Depending on where you’re stationed will dictate the above information and can vary from time zone to time zone. Unless it is 120* do not wear a mini-skirt to a formal event; not only is it against the rules and inappropriate but some senior Marines and wives may call your date/husband out in front of everyone or off to the side and get in trouble because of something that could have been avoided by following the rules.

Other expectations include:

Make sure that you “repondez s’il vous plait” or RSVP meaning, “please respond” so that the hostess will know how many to account for regarding seating and food. You wouldn’t want to throw a party at your house and invite 40 and only 10 RSVP so you cook for 10 but 50 ends up at your house. So out of good manners and respect for the hostess and command please RSVP!

Another big thing at Marine Corps functions is to show up on time. Generally this means 15 minutes before the actual start time to get situated in the room, say your hello’s and find your seat.  If you’re late to a Mess Night or something similar you may not be allowed in until a break & then have to pay a fine of some sort.

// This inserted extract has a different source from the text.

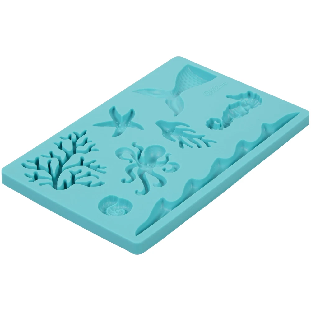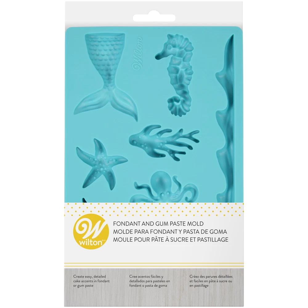 Create detailed fondant and gum paste decorations for cakes or sweet treats with this 8-Cavity Sea Life Silicone Fondant and Gum Paste Mold. Perfect for making marine-themed birthday cakes, cookies and other treats, this fondant mold is all you need to make cute, edible decorations. This sea life mold features 8 underwater-themed designs: a mermaid tail, a seahorse, a starfish, an octopus, a seashell, an underwater plant leaf, and 2 coral designs. To use, simply dust the mold with cornstarch or rub with solid vegetable shortening. Press your fondant or gum paste into the cavity. Trim off any excess and turn over to unmold your decoration! Make cute fondant and gum paste decorations with this sea life silicone fondant and gum paste mold This silicone fondant mold is perfect for making cute treats for themed birthday parties, baby showers and more Great for molding both fondant and gum paste Use shaped decorations to top cookies and cupcakes or create a fun border around a large cake To use: Prepare mold with cornstarch or solid vegetable shortening; press fondant or gum paste into desired cavity; using small spatula or knife, trim off excess fondant; turn mold over and bend to release fondant

Expect to socialize in one way or another.  Do NOT have your cell phone on and if it has to be on for emergencies please put it on vibrate. They typically remind you before any ceremony to turn it off out of respect for others. You do not want to be the one whose phone rings an inappropriate or loud ringtone during colors or other sacred ceremony. You’re husband/date will NOT be very happy with you.

Also, when the flag is passing, the National Anthem or Marine Corps Hymn is playing or the Pledge of Allegiance is being said as the spouse or parent of a Marine, it is customary to stand as well and place your hand over your heart.